Malcolm D. Ervin
Professor Kristen Raymond
28 September 2011
Pebble: The Symbol of Emotion
In The Things They Carried, O’Brien talks about many of the objects that he and his comrades carried while they were in Vietnam. They carried things like food, water, weapons and ammunition. They also carried comfort items like tranquilizers and M&M’s. Although the weight of these things placed a physical burden on the soldiers, it was the emotional weight that each of the soldiers carried that took the heaviest toll on them. The pebble, carried by Lieutenant Jimmy Cross, symbolizes multiple things that evolve throughout the text. It will prove to be a source of comfort, anguish, and relief to him. Lt. Cross was madly in love with Martha, a woman he dated once in New Jersey. She sent him letters that he kept in the bottom of his rucksack but those meant absolutely nothing in comparison to the pebble. Martha found the pebble on the Jersey Shoreline, precisely where the land met the water at high tide. “In the first week of April, before Lavender died, Lieutenant Jimmy Cross received a good-luck charm from Martha. It was a simple pebble, an ounce at most. Smooth to the touch, it was a milky white color with flecks of orange and violet, oval shaped, like a miniature egg.

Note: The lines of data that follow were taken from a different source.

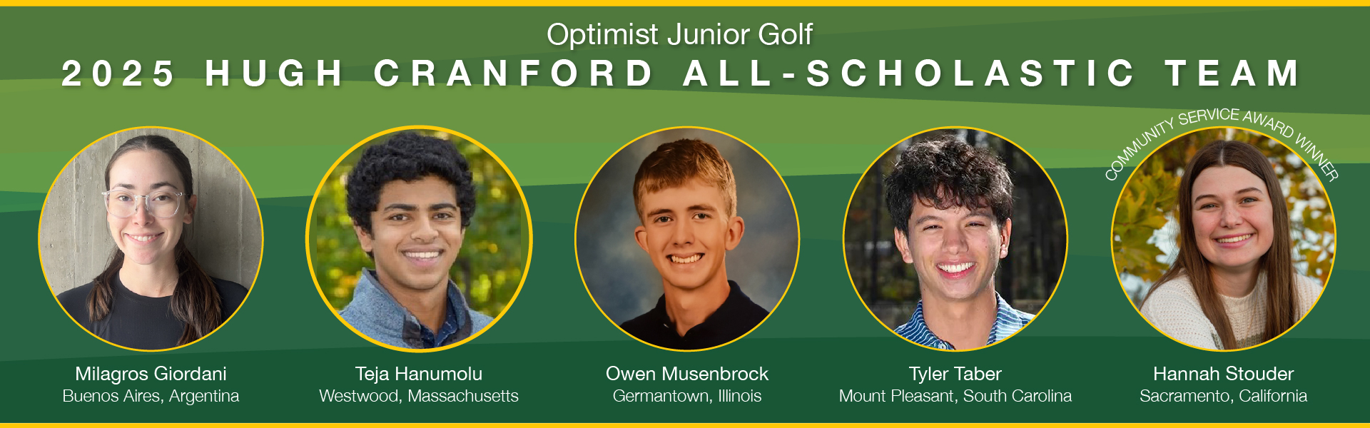 This team exemplified an impressive balance of academics, golf and community service. The All-Scholastic Team is named for Hugh Cranford, who served as executive director of Optimist International from 1967 to 1986.He was instrumental in starting the Optimist Junior Golf program and in 1978 led the efforts to co-sponsor the Optimist Junior World Golf Championships in San Diego, the forerunner to today's Optimist International Junior Golf Championships. Cranford passed away in August 2014.
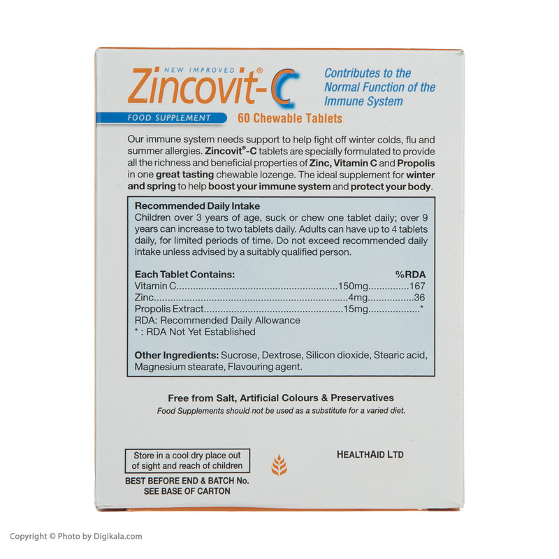 قرص جویدنی زینکوویت سی هلث اید بسته 60 عددی
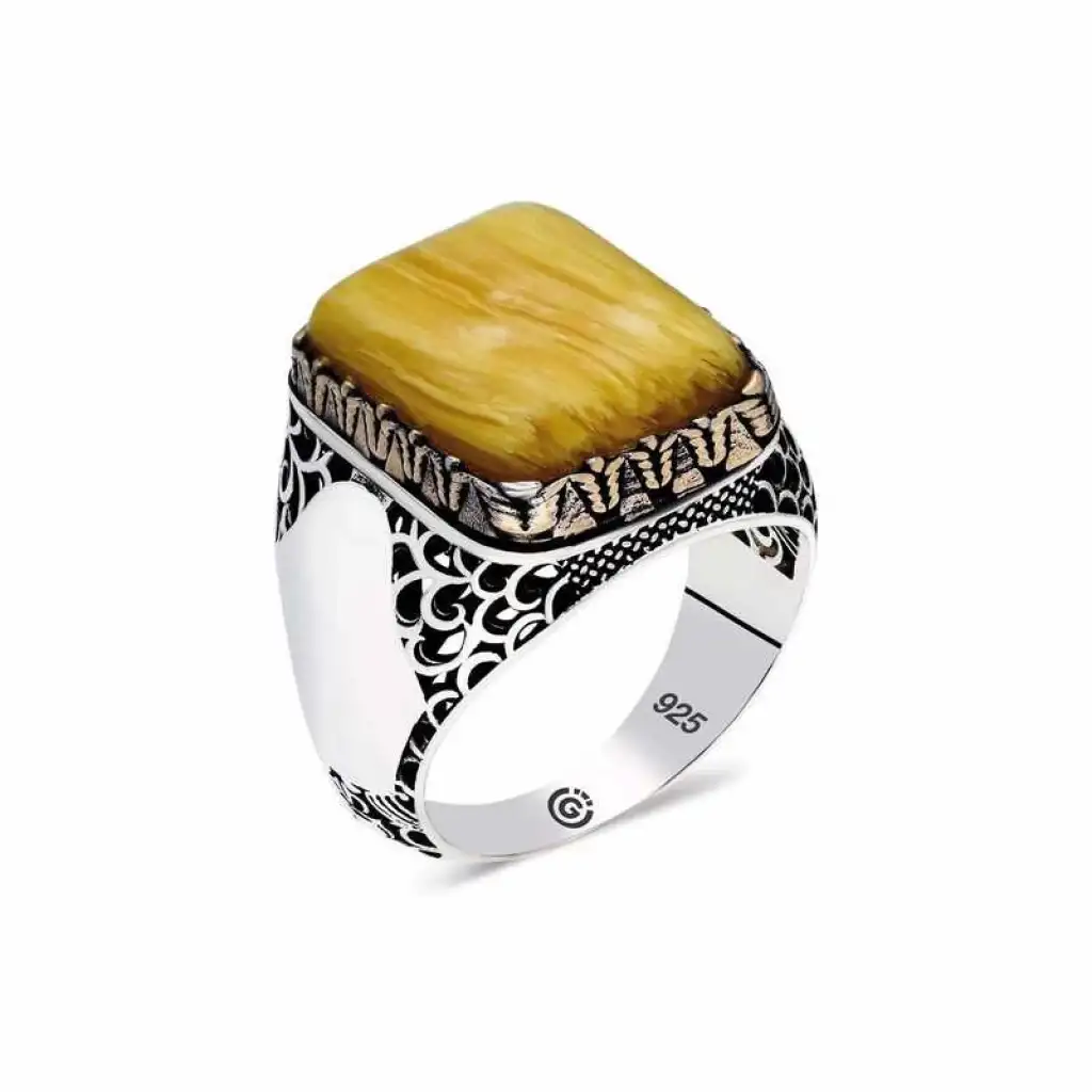 Gümüş Sıkma Koyu Sarı Kehribar Taşlı Kare Erkek Yüzük
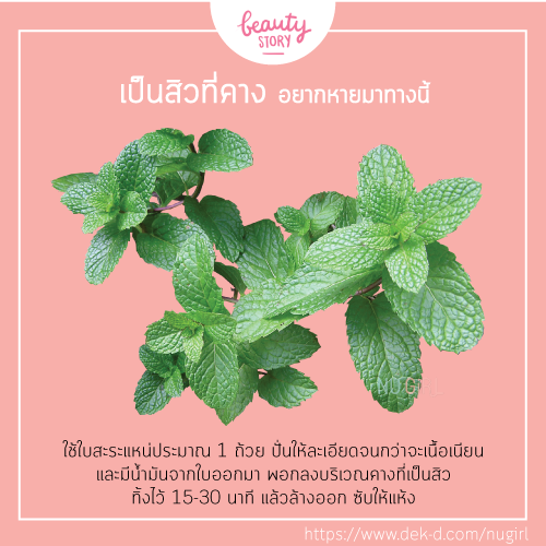 ทำไมถึงเวิร์ค : ใบสะระแหน่มีวิตามินเอ ที่ช่วยควบคุมความมันบนผิวได้ดี และช่วยให้สิวแห้งเร็วอีกด้วยค่ะ
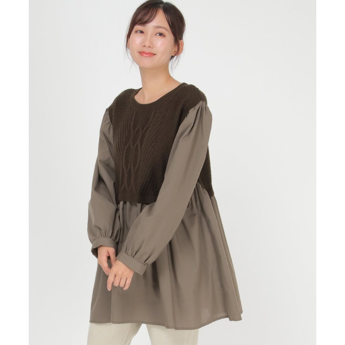 チュニック丈の布帛生地に、ショート丈のケーブルニットをドッキング。
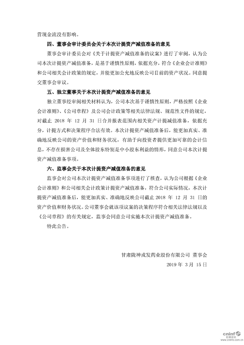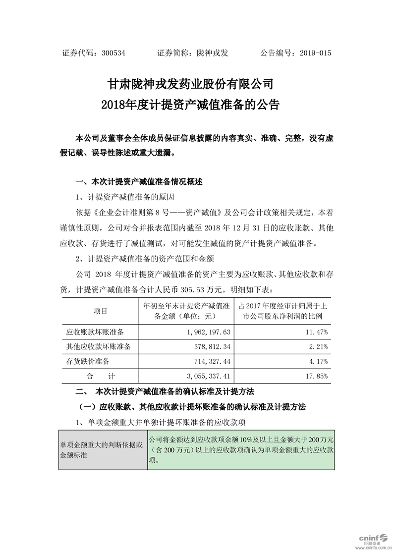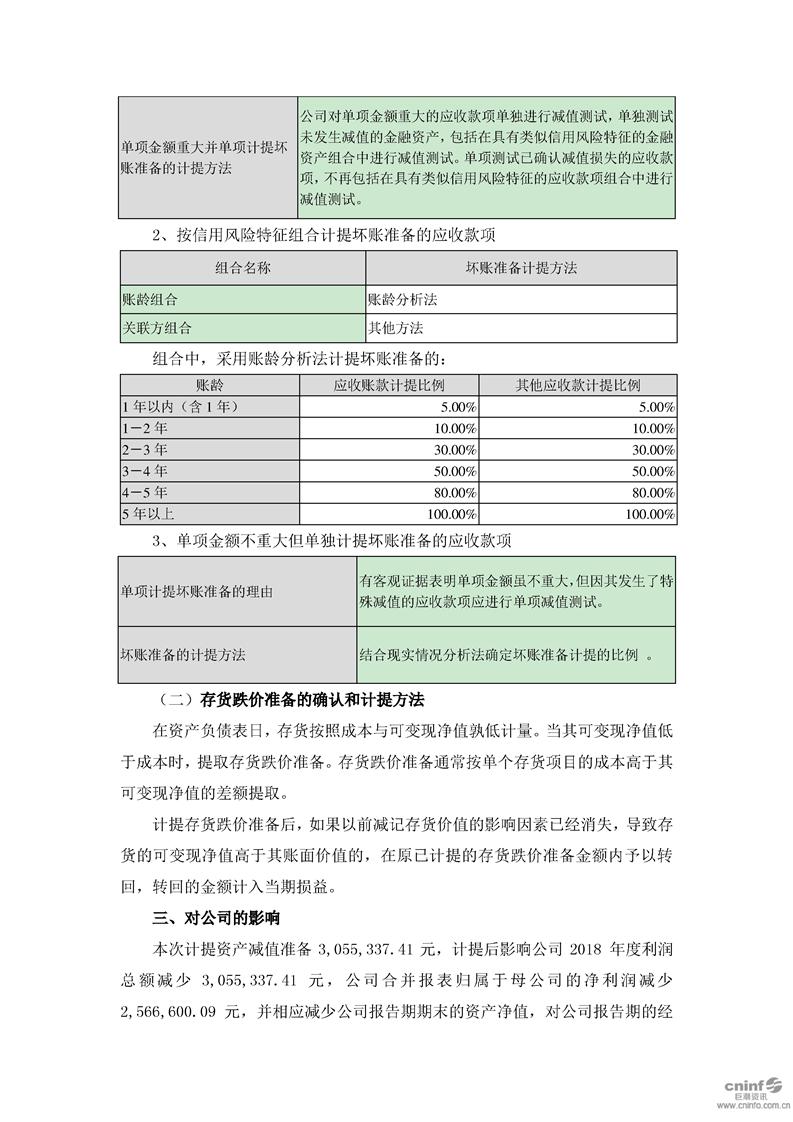2018年度計提資產(chǎn)減值準(zhǔn)備的公告

In the accompanying letter, Martha wrote that she had found the pebble on the Jersey shoreline, precisely where the land touched water at high tide, where things came together but also separated “(O’Brien pg. 9). The pebble at this point acts as a symbol for Martha. It is a Martha that Lt. Cross can feel, kiss, and smell. It allows Cross to think about the relationship between him and Martha. He often spent his evenings daydreaming about Martha form camping in the mountains to relaxing on the beach. With the pebble, Cross can picture Martha walking barefoot on the Jersey Shoreline. He could see her bending over, right where the land met the water, and picking up the pebble. The pebble...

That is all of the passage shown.